Making a Query Engine Postgres Compliant Part I - Functions, Firebolt

Explicitly checking for overflows is not the only strategy that database systems have for preventing unexpected results. Often, intermediate results use larger types; for example, when summing 32-bit integers, the intermediate result might be stored in a 64-bit or even 128-bit integer. Not only does this make overflows much less likely (or even impossible with 128-bit integers), larger intermediate results also allow for better precision when calculating some aggregation functions, such as avg().

To summarize our short overview of overflow handling, let me answer the questions from the beginning:

Does this solution still work for unsigned integers? Integer overflow happens with signed and unsigned integers, so you have to handle overflows for both. The only significant difference is how C++ handles overflows for unsigned integers: It explicitly allows them for unsigned integers and disallows them for signed integers.

How about floating point numbers? Floating point operations can have overflow and even underflow as well. However, the default behavior of most programming languages and CPU architectures usually doesn’t lead to completely unexpected results.

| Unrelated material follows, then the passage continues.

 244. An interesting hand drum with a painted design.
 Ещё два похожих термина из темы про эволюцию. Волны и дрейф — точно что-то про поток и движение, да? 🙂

What do you do when the result does not fit into the integer type of the argument? What if it doesn’t fit into any type? To avoid many cases of overflow, you can use a larger integer type for any intermediate result. Any additional problems can be solved precisely by checking for overflows. If the result of an operation doesn’t fit into a given integer type, you can use efficient overflow checking functions to handle the overflow, e.g., by printing an error message. Printing an error message is also much better than silently corrupting data!

How do the answers to any of these question change if we not only consider addition but also multiplication? Compilers usually offer special functions that handle overflow not only for integer addition but also for the other arithmetic operators. As programming languages don’t usually support handling overflows of floating point additions, they also don’t support overflow checking for multiplication.